Of course, this assumes it all works properly but with a smaller model (7bil paramaters) this is not guaranteed. I had to mess around a bit taken different items and replacing different characters such as " ` " (back tick) from the output. Your results may vary and you can try to fix them (based on the SQL generated output), or otherwise do not worry. With a bigger model this shouldn't happen.

Now that we have a prompt template for the LLM, we need a function to wrap around it to process the natural language query and feed the SQL output into the database:

In [5]:
# Query executor
def run_query(nl_query):

    # call the generate_sql function with the user query (natural language)
    sql = generate_sql(nl_query)
    # print the output
    print("SQL Generated:", sql)

    # use try in case the SQL is bad
    try:
        # run the query on the database
        result = cur.execute(sql).fetchall()

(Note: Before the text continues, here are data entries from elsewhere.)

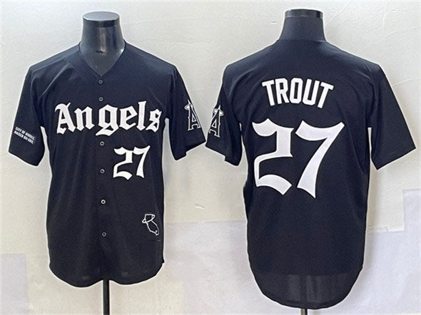 Los Angeles Angels #27 Mike Trout Black 'Gothic Halo Edition' Vapor Limited Stitched Baseball Jersey
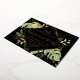 This elegant tropical engagement party invitation features exotic green foliage with gold accents on a black background. A modern geometric gold foil frame highlights the gold foil text text. Gold foiled splatters accentuate the botanical design and brings a bit of sophisticated whimsy to the invitation. This island oasis invite is perfect for any tropical themed or garden engagement party.
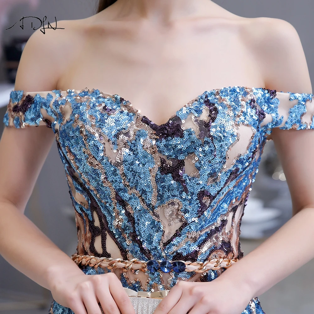 Сексуальное вечернее платье без рукавов с золотыми и синими блестка...
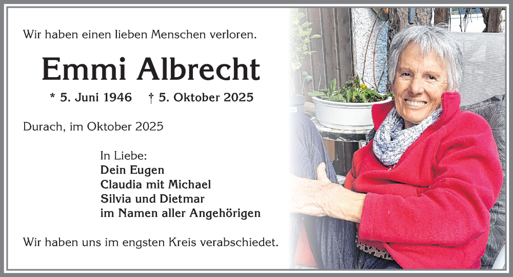 Hier finden Sie alle Traueranzeigen aus der Zeitung, die bisher für Emmi Albrecht erschienen sind. Weitere Traueranzeigen, die in der Zeitung erscheinen, werden hier ebenfalls aufgelistet
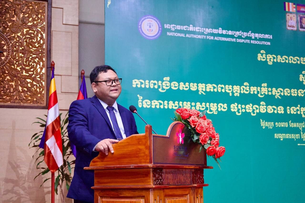 នារសៀលថ្ងៃសុក្រ ទី១៧ ខែតុលា ឆ្នាំ២០២៥, ដោយទទួលការអនុញ្ញាតដ៏ខ្ពង់ខ្ពស់ពី ឯកឧត្តម កើត រិទ្ធ ឧបនាយករដ្ឋមន្ត្រី រដ្ឋមន្ត្រីក្រសួងយុត្តិធម៌ និងជាប្រធាន អ.ដ.ក., ឯកឧត្តម ប៉ូច សោភ័ណ អនុរដ្ឋលេខាធិការក្រសួងយុត្តិធម៌ និងជាសមាជិក អ.ដ.ក. បានអញ្ជើញជាអធិបតីក្នុងពិធីបិទវគ្គសិក្ខាសាលាបណ្តុះបណ្តាលស្តីពីការពង្រឹងសមត្ថភាពបុគ្គលិកគ្រឹះស្ថានធនាគារ និងហិរញ្ញវត្ថុ ដើម្បីបង្កើនប្រសិទ្ធភាពនៃការសម្រុះសម្រួលផ្សះផ្សាវិវាទ នៅក្នុងវិស័យធនាគារ និងហិរញ្ញវត្ថុនៅកម្ពុជា។
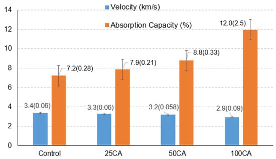 The UPV results shown in Figure 6 indicate that the quantities of CA in the concrete mix have a significant impact on its density, porosity, and ability to transmit ultrasonic waves. Figure 6 displays the average values of the measured velocity, with the corresponding standard deviation values shown within parentheses. The results showed that pulse velocity PV reduces as the replacement ratio of CA increases. For instance, the PV for mixes with 50% and 100% CA is 4.5% and 13.3% lower than that for the control mix. The CA is a lightweight and slightly porous material, as shown in Table 3, resulting in a reduction in the UPV. There is generally an inverse relationship between UPV and absorption capacity. A similar observation was made by Räsänen et al. [], where lower UPV values for brick samples were found to correspond to a higher water absorption capacity. The increase in porosity and voids due to the addition of CA is responsible for slowing the speed of the pulse wave, hence lower UPV values. A similar observation was found by Raza et al. [], where the use of porous aggregates (e.g., recycled aggregates) noticeably reduces the pulse velocity, hence the quality of concrete degrades. The absorption capacity of the concrete increases with CA percentage increases. For instance, the absorption capacity of the mixes 50 CA and 100 CA is 22% and 65% higher, respectively, than that for the control mix. High absorption capacity for mixes with high CA contents is associated with high porosity of the aggregates.
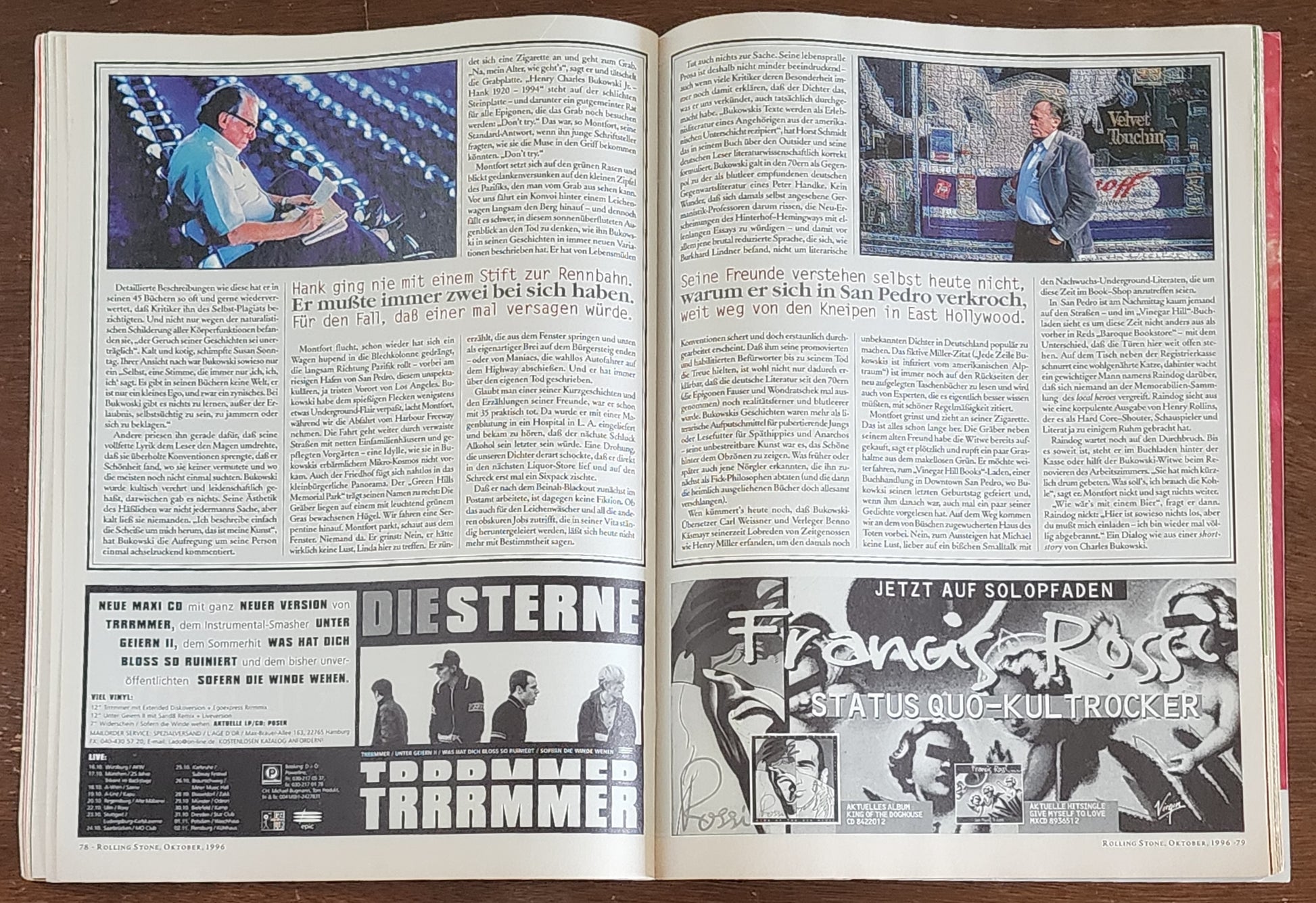 This is the German Oktober 1996 edition of Rolling Stone. Accompanying a long feature on Bukowski are four photos from the Iris Prints, a rare collection of photographs by Michael Montfort featuring Charles Bukowski. Only 26 copies of the Iris Prints were produced.

        # if it works print the first 5 results
        if result:
            print("\n Top 5 Results:")
            for row in result[:5]:
                print(row)
        else:
            print("No results found.")

    # print database error if the try fails
    except Exception as e:
        print("SQL Error:", e)

Now with our functions generated, we can test if it works!

In [8]:
# Test the full pipeline
run_query("List the names and jobs of people over 50")

Setting `pad_token_id` to `eos_token_id`:11 for open-end generation.


SQL Generated: SELECT name, job FROM people WHERE age > 50;

 Top 5 Results:
('Robert Taylor', 'Advertising account planner')
('Jerry Gonzalez', 'Haematologist')
('Kayla Brown', 'Magazine journalist')
('Alex Holt', 'Financial controller')
('Emily Mann', 'Statistician')


Have a play around and see if you can write more complex queries. How far can you push the 7B model?